Oui, monsieur le ministre, les magistrats français sont opposés à la LOPPSI, tout comme ils sont hostiles au projet de loi relatif à l’immigration, à l’intégration et à la nationalité dont nous avons discuté cet après-midi et dont nous reprendrons l’examen tout à l'heure. C’est le cas, en particulier, des magistrats administratifs, qui ont alerté les parlementaires sur leurs craintes. Vous vous souvenez sans doute, monsieur le rapporteur, que, lors des auditions réalisées par la commission des lois, ces craintes avaient été exprimées.
Les magistrats français, qui ont été montrés du doigt et stigmatisés par le Président de la République et les membres du Gouvernement, interviennent donc, en ce moment même, contre ce projet de loi.
À ce sujet, je tiens à apporter tout mon soutien aux magistrats, mais aussi à tous les professionnels de la justice qui sont victimes des attaques répétées, de la suspicion et de la défiance. Au-delà des magistrats, je pense à l’ensemble des fonctionnaires de la direction de l’administration pénitentiaire, des services judiciaires et de la protection judiciaire de la jeunesse.
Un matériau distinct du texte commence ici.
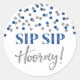 Dark Blue Silver Confetti Sip Sip Hooray Classic Round Sticker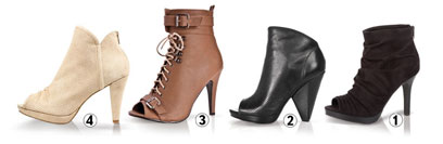 מאחר ואפשר לספור על כף יד אחת את הימים שבאמת מצריכים לבוש חם בחורף הישראלי, כדאי לכן לאמץ את מגפוני הפיפ טואו; הם גם לא חותכים את הרגל גבוה מדי ולכן תמיד יוצרים אשליה של אורך, ונוסף על כך האצבעות שמציצות (הפיפ טואו) מאווררות את כל העסק. בטח כבר סימנתן לעצמכן את מגפוני הפיפ טואו של ורסאצ'ה ומיו מיו, אבל לנו יש גם כמה הצעות קצת יותר זולות ונגישות.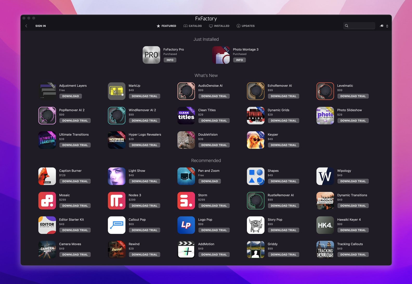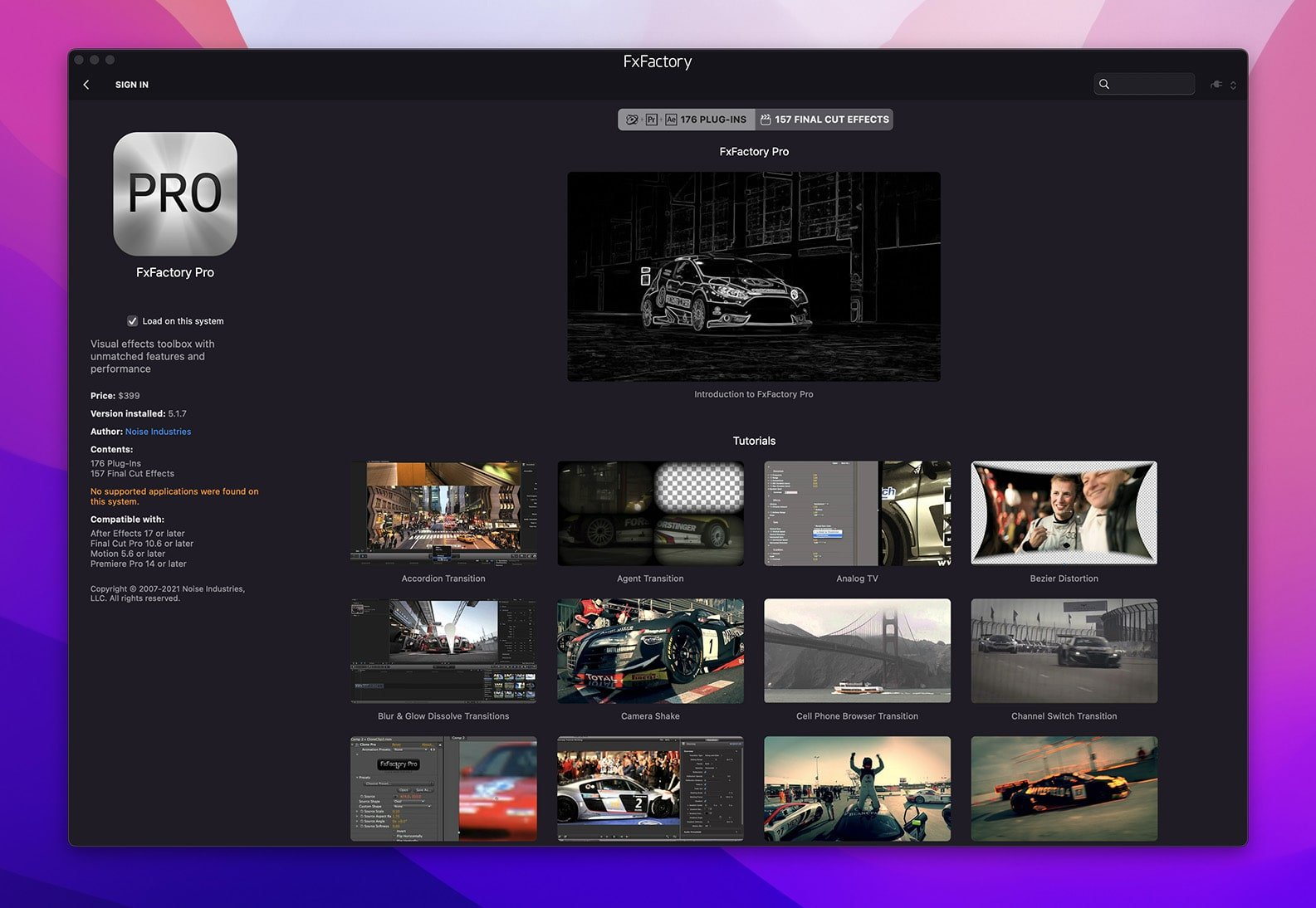 总的来说,FxFactory 是 macOS 视频后期领域一款极具价值的工具。它通过集成海量高质量插件和提供统一的管理平台,解决了特效资源分散、管理不便的痛点。无论你是想提升效率的专业人士,还是希望为视频增色的爱好者,它都值得一试。

Ceux-ci s’associent d’ailleurs à l’appel lancé à l’action du 10 février prochain, qui invite les différents agents à se rassembler.
J’en reviens à votre administration, monsieur le ministre, ainsi qu’à la LOPPSI, pour indiquer que je soutiens bien évidemment les forces de police, qui ont également été victimes des propos déplacés et suspicieux du Président de la République.
Comment, à l’occasion de la tragique affaire de Pornic, la majorité peut-elle à ce point se défausser de ses responsabilités et accuser les fonctionnaires de dysfonctionnements, au lieu d’assumer sa part de responsabilité ?
Les fonctionnaires du ministère de la justice et de l’intérieur sont ainsi désavoués, alors même que la LOPPSI leur imposera de nouvelles contraintes et une charge de travail supplémentaire, pour un effectif toujours en recul.
En effet, comme le dénoncent leurs syndicats, aucun nouveau moyen ne leur sera accordé, face à un nombre croissant de dossiers à gérer. Nos fonctionnaires méritent une bien meilleure considération et des moyens humains et matériels importants. Leur colère et leur méfiance sont grandes, et il y a de quoi !
Par ailleurs, dans un communiqué diffusé aujourd’hui même, le syndicat de la magistrature affirme qu’il sait « de façon certaine qu’au niveau local des pressions s’exercent sur les policiers qui se joignent à la protestation » – ces policiers qui ont déjà tant de travail et à qui la LOPPSI imposera de faire respecter des mesures liberticides et attentatoires à nos droits fondamentaux.
Je regrette évidemment, monsieur le ministre, que les députés aient voté tout à l’heure le texte de compromis issu de la commission mixte paritaire, qui traduit dans la loi une partie des mesures sécuritaires du discours de Grenoble du Président de la République et qui est purement d’opportunité. En effet, il a suscité une réelle rébellion, dans la rue mais aussi au Sénat.
Vous avez salué tout à l’heure à l’Assemblée nationale le vote de cette LOPPSI, la qualifiant de « boîte à outil à la disposition de la protection et de la sécurité de nos citoyens ».
Or vous savez pertinemment qu’il n’en est rien. En effet, la LOPPSI 2 ne protégera nullement nos citoyens. Elle les stigmatisera, en particulier les plus précaires d’entre eux ; elle les fichera, nous surveillera, nous contrôlera ! Elle créera des peurs et des méfiances. Elle dressera les pauvres les uns contre les autres et criminalisera les plus précaires.
Le Gouvernement met en avant la montée de la délinquance pour susciter des craintes et ainsi justifier des mesures liberticides disproportionnées, au lieu d’admettre son incapacité à lutter de façon efficace contre ce phénomène.
En effet, le Président de la République et le Gouvernement n’ont eu de cesse de surfer sur la vague de la peur pour justifier des atteintes graves à nos libertés, au lieu de remettre en cause leur gestion de la situation et leur politique répressive inefficace.